Abortion was bound to be a focal point after the Supreme Court overturned Roe v Wade., and it seemed at times that Cameron forgot the state rejected a constitutional amendment to ban the practice only last year.
The Republican challenger couldn’t quite decide how to run on the issue, and it allowed the governor to define it early on and characterize himself as the reasonable candidate in the race. Beshear’s cutthroat ad featuring a young victim of sexual assault set the stage for the public discourse on abortion in the race.
Transgender rights and the fallout of Senate Bill 150 were pitfalls for Cameron, too. He and his supporting political action committees cut ads arguing that Beshear and the Democrats are actively and maliciously infecting the minds of the youth with their “transgender ideology.”
Cameron ostensibly underestimated the voters who are capable of calling a spade a spade, and Beshear barely had to levy a defensive strategy. Last year’s midterms showed us that transphobic messaging is deeply off-putting for suburban swing voters.
As Fayette County Young Democrats President Emma Curtis told the Herald-Leader, “nobody likes a bully.” When Cameron wasn’t boring, he was flat-out mean.
It certainly paid off for Beshear — he expanded his margins among suburban voters and made inroads in places like Daviess County and Clark County, which are growing rapidly.
But I’m extremely skeptical that swing voters, especially in those Eastern Kentucky counties that Beshear flipped, cast their ballots on abortion or transgender rights. Many counties that had the most dramatic shifts for the governor also endorsed last year’s Amendment 2, which would have banned abortion.
I mention these issues at all because they are poised to be central to next year’s elections and because they buttress the real division on which Kentucky voters decided this year.
Cameron said it himself in his final ad of the season — Beshear is a “nice enough guy.” It’s an image the governor has meticulously crafted, and he was able to defend it easily given Cameron’s nastiness.
Stability, effectiveness and dignity were Beshear’s winning traits. He is a known quality, and voters rewarded him for his victories in the realms of disaster relief and economic growth. And he was able to capitalize on Cameron’s negativity to highlight his personal brand.
I won’t deliberate explicitly on why Beshear won, and by so much. Like I said, it was the confluence of a number of relevant factors. But national Democrats are already taking it as a sign that positive messaging on trans issues and abortion will carry them to historic victories.

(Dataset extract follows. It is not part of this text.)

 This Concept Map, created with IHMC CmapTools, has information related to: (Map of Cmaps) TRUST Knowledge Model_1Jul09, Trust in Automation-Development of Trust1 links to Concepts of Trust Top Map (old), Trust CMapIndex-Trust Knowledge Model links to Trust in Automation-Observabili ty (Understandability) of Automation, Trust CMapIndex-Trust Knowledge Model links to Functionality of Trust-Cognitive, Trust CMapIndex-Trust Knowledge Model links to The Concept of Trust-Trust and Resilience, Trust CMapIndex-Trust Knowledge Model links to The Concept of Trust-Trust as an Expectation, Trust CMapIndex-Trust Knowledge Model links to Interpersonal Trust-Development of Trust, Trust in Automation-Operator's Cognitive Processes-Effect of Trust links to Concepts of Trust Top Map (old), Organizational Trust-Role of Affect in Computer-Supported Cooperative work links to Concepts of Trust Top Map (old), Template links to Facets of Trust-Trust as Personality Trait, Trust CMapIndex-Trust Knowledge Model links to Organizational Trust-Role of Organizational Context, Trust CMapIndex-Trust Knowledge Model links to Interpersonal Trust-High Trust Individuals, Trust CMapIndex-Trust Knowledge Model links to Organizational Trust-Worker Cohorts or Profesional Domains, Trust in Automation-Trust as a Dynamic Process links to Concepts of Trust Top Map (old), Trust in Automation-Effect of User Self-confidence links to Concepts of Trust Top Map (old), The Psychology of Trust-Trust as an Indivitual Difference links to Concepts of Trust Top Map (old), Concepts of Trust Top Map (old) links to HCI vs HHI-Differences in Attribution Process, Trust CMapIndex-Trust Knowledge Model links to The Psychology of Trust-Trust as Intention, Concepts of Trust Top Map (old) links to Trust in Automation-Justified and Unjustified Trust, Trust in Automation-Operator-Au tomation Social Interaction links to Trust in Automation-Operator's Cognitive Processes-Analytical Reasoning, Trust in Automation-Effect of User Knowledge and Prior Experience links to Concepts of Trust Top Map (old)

If that were the case, then we should expect a markedly bluer Kentucky, which we certainly do not. And if Kentucky is to be a bellwether, then the signs show that unless a candidate has a strong personable identity, they’re doomed to partisan polarization.
That was the fate that every other statewide Democratic candidate in Kentucky faced — not even Beshear’s coattails could carry them over the finish line.

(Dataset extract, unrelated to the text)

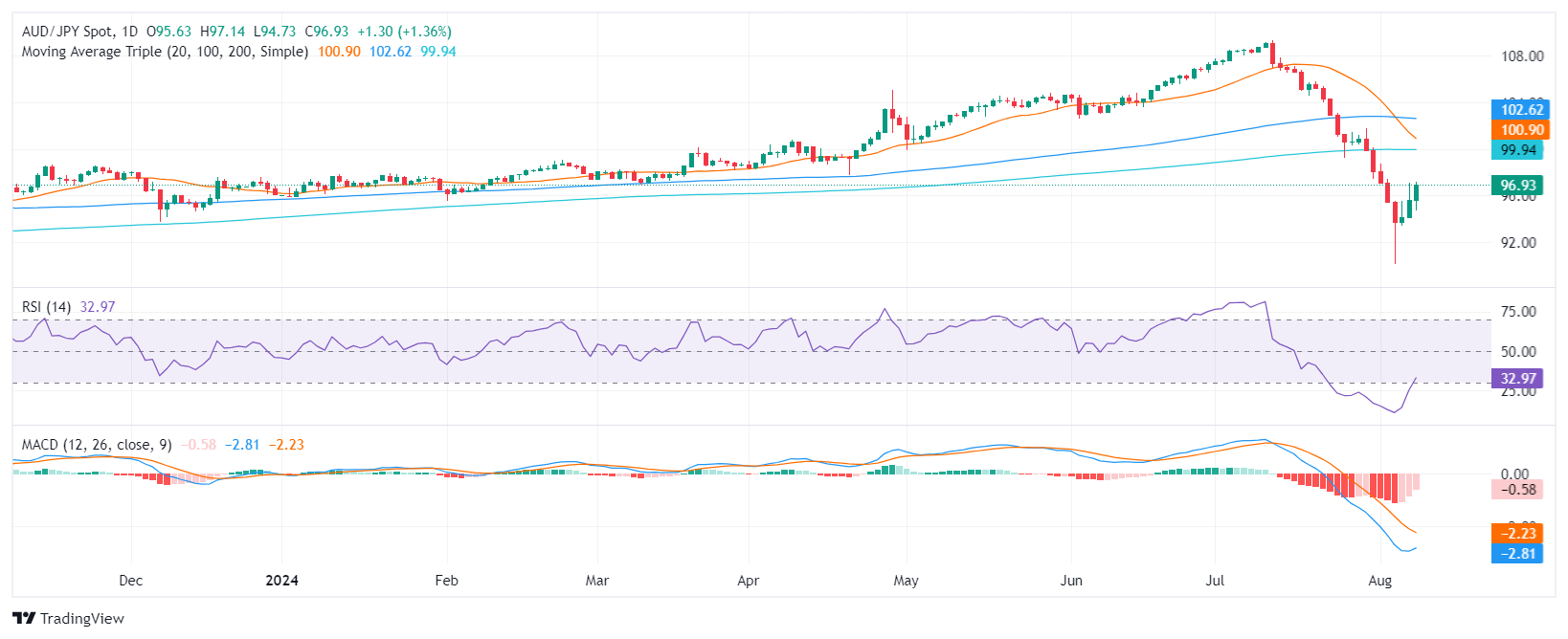- AUD/JPY bulls pushed the pair higher to 96.80 on Thursday, extending its recovery.

President Biden is bound to face a similar challenge. The American people have not given him the trust Kentuckians have given Beshear. His approval rating is under water and polling shows him behind Trump.

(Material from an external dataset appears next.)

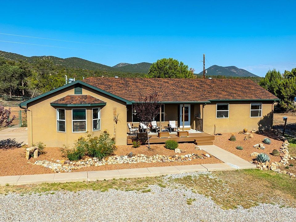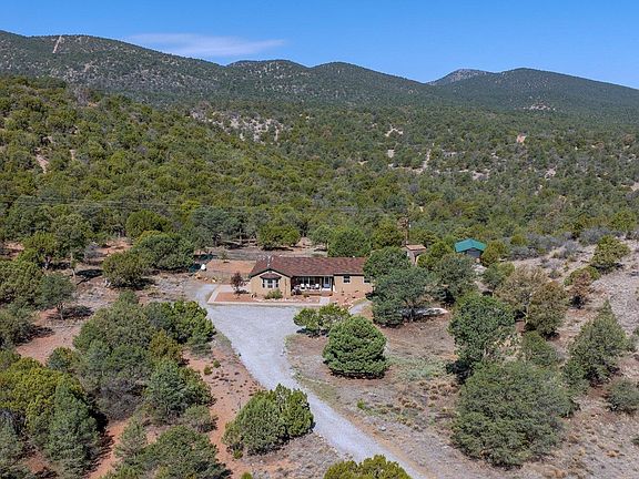 Minutes from town yet adjacent to the Gila National Forest—enjoy privacy, space, and the freedom of turning your 10 acres into hundreds. This 3BD/2BA home features updated kitchen and bathrooms with granite counters and alder cabinetry. Enter into a formal living room and formal dining room. The renovated kitchen leads to a comfortable den with gas fireplace, built-in shelving, and a large window with door to the patio. Covered and open patios plus a front deck provide great outdoor living spaces. Fenced yard for pets. A recent heating/cooling pump provides efficient year-round comfort. Attached 2-car garage plus three additional outbuildings offer excellent workshop and storage options, including a recent insulated 18x25 shop with power and a 10x18 canopy. Two portable buildings are also powered and insulated for hobby or storage use. Ideal for horses or animals. Easy to show.

Already, pundits are claiming that Beshear’s win — and democratic victories in Virginia, Ohio and Pennsylvania — point to a brighter future than the polls suggest. It is easy for activists to claim that voter behavior in an off year is a better indicator for 2024 than polling.
This may be true. After all, polling is a snapshot whereas elections are mandates.
Voters gave Beshear a slim mandate in 2019, and he used it to keep his base happy and expand it.
They, too, gave Biden a slim mandate in 2020. It seems to me that, win or lose, he won’t have the same coalition next year.
Replacing Biden on the ticket is an increasingly popular idea, I won’t speak to its efficacy. But his path forward won’t look exactly like Beshear’s. His base of support remained stable and energized throughout his four years, but Biden will have ground to win back.
The themes of Kentucky’s gubernatorial race will reflect those of next year’s presidential, but voters will be making a far different kind of decision.